Starting tomorrow, South Carolina law enforcement officers must read drunken driving suspects their Miranda rights before administering field sobriety tests, the Greenville News reports.
Supporters say the new requirement, part of a law that lowers the maximum legal blood alcohol content to .08, will help prevent cases from being thrown out because an officer didn’t make suspects aware of their constitutional rights.
Critics said it will have the opposite effect. “It will have the end result of thwarting law enforcement’s efforts to detect those people who are driving on the highways under the influence,” said 13th Circuit Solicitor Bob Ariail. “I suspect that’s exactly what it was intended to do.” Requiring officers to read suspects their Miranda rights before administering sobriety tests gives defense attorneys a way to have a case thrown out on a technicality if it isn’t done, said Ariail and Donna Carter of Mothers Against Drunk Driving.

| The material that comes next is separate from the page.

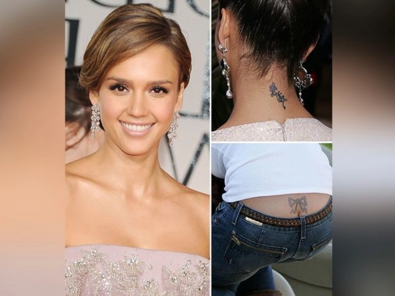 ジェシカ・アルバ:個人的な意義を持つ芸術 ジェシカ・アルバは、それぞれ独自の物語を持つタトゥーで認識されています。彼女は腰の下部にリボンのタトゥーを持ち、外見に優雅さを加えています。また、手首と首にも特別な意味を持つタトゥーを持っています。

Richard Seamon, a professor of law at the University of South Carolina, supports the new law on the ground that it never hurts to notify citizens of their rights. “I don’t think it’s going to be a serious obstacle for law enforcement,” he said. “It’s another technicality, granted, any time you make police do something extra and they don’t do it then you’re probably going to have some good lawyers getting people sprung for that, but that’s the tradeoff.”
Ariail said he anticipates that more people will refuse to agree to the sobriety tests. A first refusal causes a three-month license suspension; a second refusal, six months. Some states make it a crime to refuse.